JSON Parsing Index Stage

A JSON Parsing Index stage (previously called the JSON Parser stage) parses JSON content from a document field into one or more new documents.

This stage uses Solr’s JsonRecordReader to create an index stage capable of splitting JSON into sub-documents. For details on the use of this stage in Solr, see this Lucidworks blog post: Indexing Custom JSON Data.

Example Specification, Data, Results

Stage Specification

{ "type": "json-parsing",
  "skip": false,
  "id": "json-parsing",
  "sourceField": "data",
  "splitPath": "/exams",
  "mappingRules": [
      {"path": "/first", "field": "first"},
      {"path": "/last", "field": "last"},
      {"path": "/grade", "field": "grade"},
      {"path": "/exams/subject", "field": "subject"},
      {"path": "/exams/test", "field": "test"},
      {"path": "/exams/marks", "field": "marks"}
  ]
}

Data

{
  "first": "John3",
  "last": "Doe",
  "grade": 8,
  "exams": [
      {
        "subject": "Maths",
        "test"   : "term1",
        "marks":90},
        {
         "subject": "Biology",
         "test"   : "term1",
         "marks":86}
      ]
}

Results

Parsing this data, using the splitPath "/exams" and the six mapping rules above, produces two documents, one for each object in the list of exams.
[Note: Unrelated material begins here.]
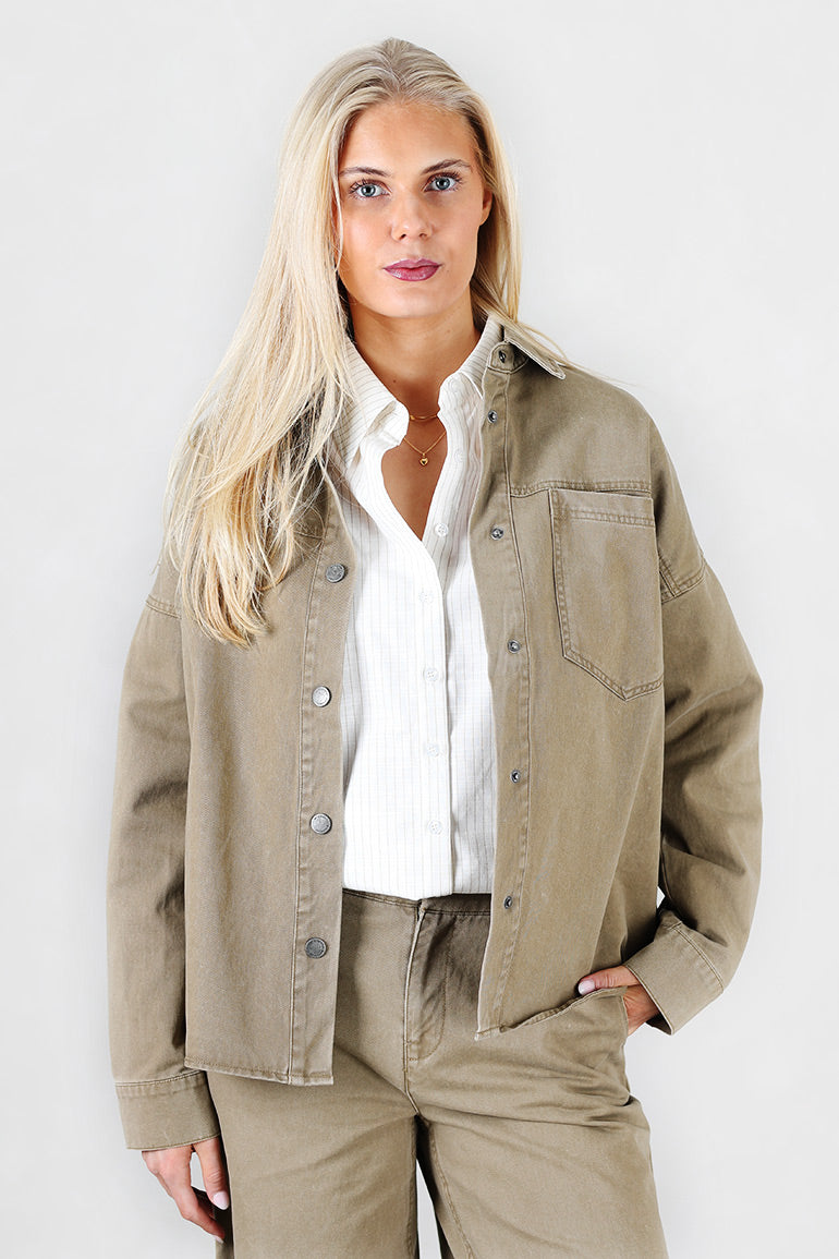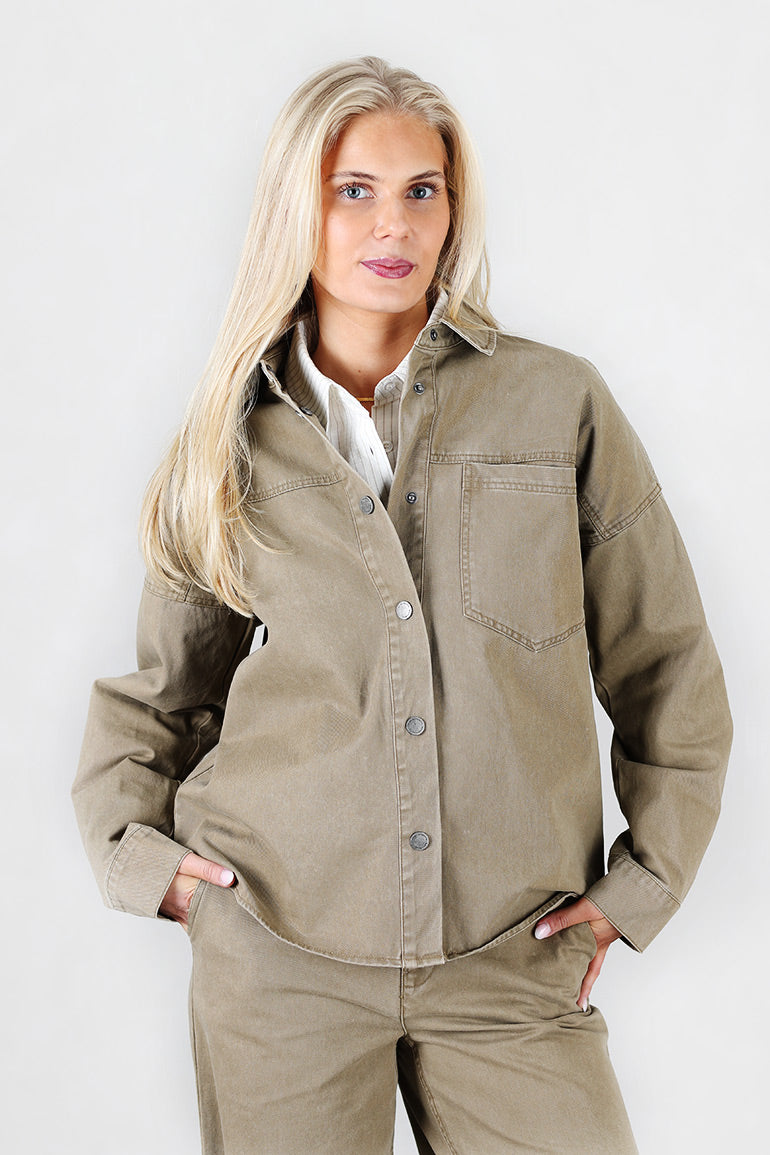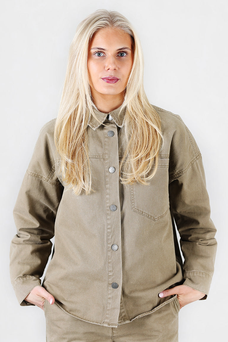 Utrolig kul skjortejakke fra våre danske venner i My essential wardrobe. Kul dusarmygrønn farge, oversized modell med lange ermer og krage.

The first document has the following field, value pairs:

* first : John
* last : Doe
* grade : 8
* test : term1
* subject: Maths
* marks : 90

The second has the following field, value pairs:

* first : John
* last : Doe
* grade : 8
* test : term1
* subject: Biology
* marks : 86

Configuration

Tip
When entering configuration values in the UI, use unescaped characters, such as \t for the tab character. When entering configuration values in the API, use escaped characters, such as \\t for the tab character.